I found myself being consumed with the thought of you. In the past I’ve been able to block you out but as the dreams come more frequently, without my doing it’s becoming more difficult to shut you out. Scrolling down my YouTube timeline, I see all these videos of “He’s the One” or “God is showing you your spouse.” It feels so odd because I’ve never looked into videos with such topics. I could not get to you in my last dream and I didn’t want to. It was odd seeing you from such a close distance but our lives were not meeting. I’ve always asked God to remove you from my mind and I do my best to keep moving forward and bring my attention to reality.
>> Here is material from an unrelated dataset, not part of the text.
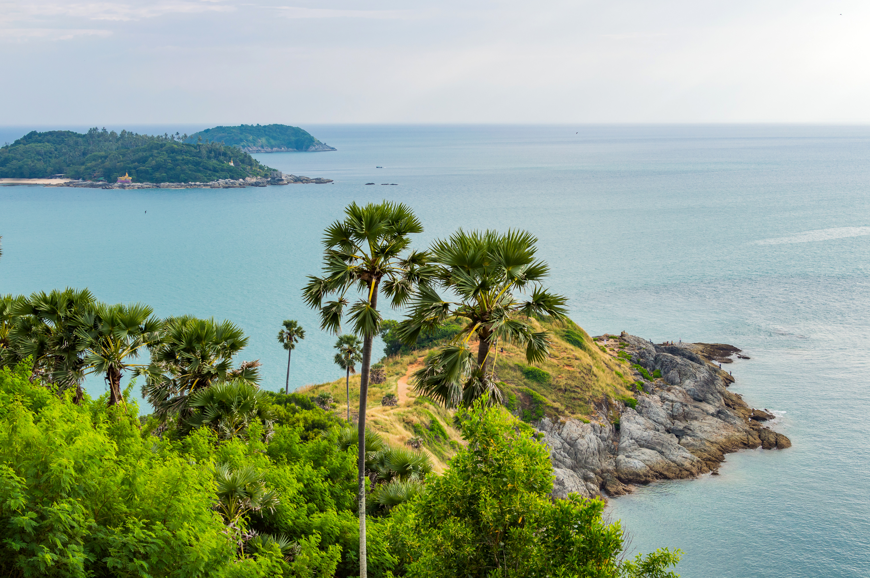 This breathtaking image captures the serene sunset view from Phromthep Cape, a famous viewpoint on the island of Phuket, Thailand. The scene unfolds with lush green palm trees in the foreground, their fronds swaying gently against a backdrop of rugged rocky cliffs that meet the calm turquoise waters of the Andaman Sea. In the distance, verdant islands rise from the horizon under an expansive sky transitioning into soft sunset hues. The composition balances natural elements: vibrant foliage, weathered stone textures, and the shimmering ocean surface reflecting fading sunlight. This tranquil setting evokes a sense of peace and untouched beauty, inviting viewers to imagine themselves in this tropical paradise. The golden hour light gently illuminates the landscape, casting long shadows and enriching colors, while creating an atmosphere that is both calming and deeply inspiring. Perfect for travel blogs, tourism marketing, or any project seeking to convey relaxation, natural splendor, and the allure of Southeast Asian coastal destinations.

My goodness! How can I possibly love someone that left me? High and dry, no notice just gone! I don’t feel stupid yet the situation of it all feels so diabolical. I laid in a dream state for most of the day, resting my body and eyes. I needed an escape that was beneficial. Cleaning the house, jamming to music, eating some leftovers while watching YouTube. You were there. I say “you were there” very lightly because it’s more so my mind not being able to let you go. I’ve not heard from you in almost two years, so you’ve done nothing to lead me on.
I was doing so well! The dreams were minimal at best and the bounce back was in a matter of days. I had finally detached. What happened?! Was I not careful enough at guarding my mind? Is God bringing you back up? I don’t want to assign God’s name to this mess because it feels so exhausting. I’m proud of myself because what I have not done is try to insert myself into your life. Staying in my lane, focused on what I need to be doing. I’m relying on God before anything else. I know He loves me just as much as He loves you. He takes care of me just as much as He takes care of you.
I continue to pray for you and your life and every single person in your life. I have to give you to God if I’m going to be set free. God knows deep down I want you to be in my life for as long as He says. It hurts to think that time was up years ago and I’ll never have that with you. Please God give me the strength to let go! I don’t want to torture myself any longer.